Problem requirements -> In the listing below, find the line containing "Con tan solo" and the line containing "I was going", then copy exactly everything from the first through the second, except the pictures.

Extracted data ->
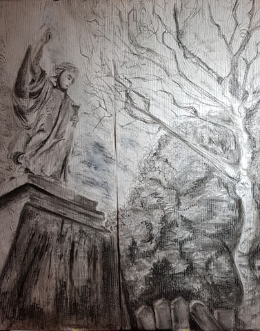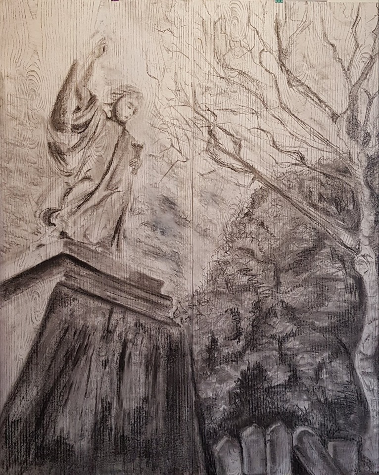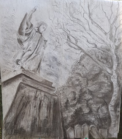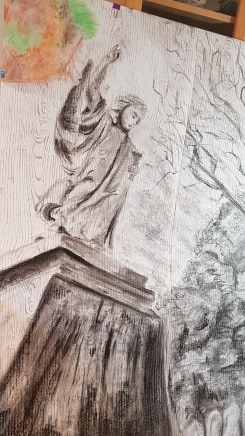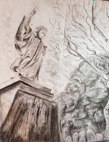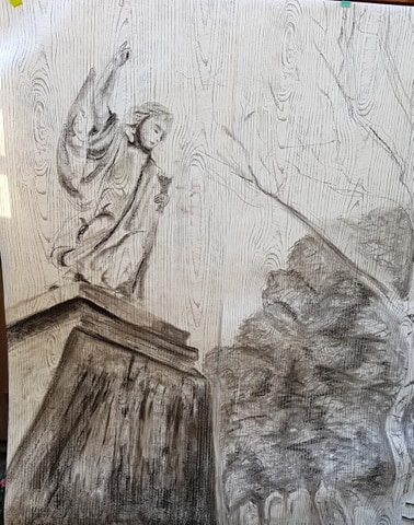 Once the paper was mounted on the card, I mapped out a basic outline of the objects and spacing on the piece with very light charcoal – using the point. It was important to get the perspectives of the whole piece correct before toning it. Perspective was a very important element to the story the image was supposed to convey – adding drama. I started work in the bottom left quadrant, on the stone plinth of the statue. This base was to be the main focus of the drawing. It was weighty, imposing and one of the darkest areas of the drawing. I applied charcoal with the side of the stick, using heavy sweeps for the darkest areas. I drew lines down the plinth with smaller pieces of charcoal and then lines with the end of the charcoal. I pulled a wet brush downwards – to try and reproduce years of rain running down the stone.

--

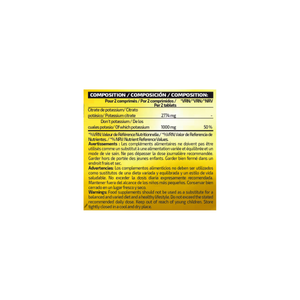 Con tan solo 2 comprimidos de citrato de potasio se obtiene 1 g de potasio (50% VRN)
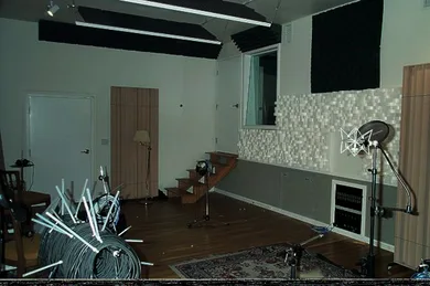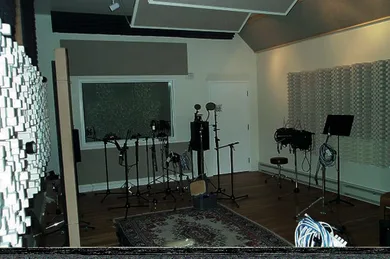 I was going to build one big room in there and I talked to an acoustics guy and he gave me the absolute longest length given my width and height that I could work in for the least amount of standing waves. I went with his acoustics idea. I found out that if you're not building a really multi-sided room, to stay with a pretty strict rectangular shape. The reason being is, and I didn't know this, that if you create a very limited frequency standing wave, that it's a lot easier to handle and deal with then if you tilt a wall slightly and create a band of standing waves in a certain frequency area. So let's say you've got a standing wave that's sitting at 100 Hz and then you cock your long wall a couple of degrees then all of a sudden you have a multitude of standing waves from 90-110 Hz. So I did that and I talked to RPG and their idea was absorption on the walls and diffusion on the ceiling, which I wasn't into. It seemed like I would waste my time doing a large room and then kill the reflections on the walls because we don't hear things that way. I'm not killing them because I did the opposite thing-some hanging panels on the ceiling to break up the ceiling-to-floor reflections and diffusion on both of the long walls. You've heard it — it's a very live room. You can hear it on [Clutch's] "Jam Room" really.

---

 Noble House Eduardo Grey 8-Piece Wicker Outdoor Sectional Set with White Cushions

Response to the task ->
 Con tan solo 2 comprimidos de citrato de potasio se obtiene 1 g de potasio (50% VRN)
 I was going to build one big room in there and I talked to an acoustics guy and he gave me the absolute longest length given my width and height that I could work in for the least amount of standing waves. I went with his acoustics idea. I found out that if you're not building a really multi-sided room, to stay with a pretty strict rectangular shape. The reason being is, and I didn't know this, that if you create a very limited frequency standing wave, that it's a lot easier to handle and deal with then if you tilt a wall slightly and create a band of standing waves in a certain frequency area. So let's say you've got a standing wave that's sitting at 100 Hz and then you cock your long wall a couple of degrees then all of a sudden you have a multitude of standing waves from 90-110 Hz. So I did that and I talked to RPG and their idea was absorption on the walls and diffusion on the ceiling, which I wasn't into. It seemed like I would waste my time doing a large room and then kill the reflections on the walls because we don't hear things that way. I'm not killing them because I did the opposite thing-some hanging panels on the ceiling to break up the ceiling-to-floor reflections and diffusion on both of the long walls. You've heard it — it's a very live room. You can hear it on [Clutch's] "Jam Room" really.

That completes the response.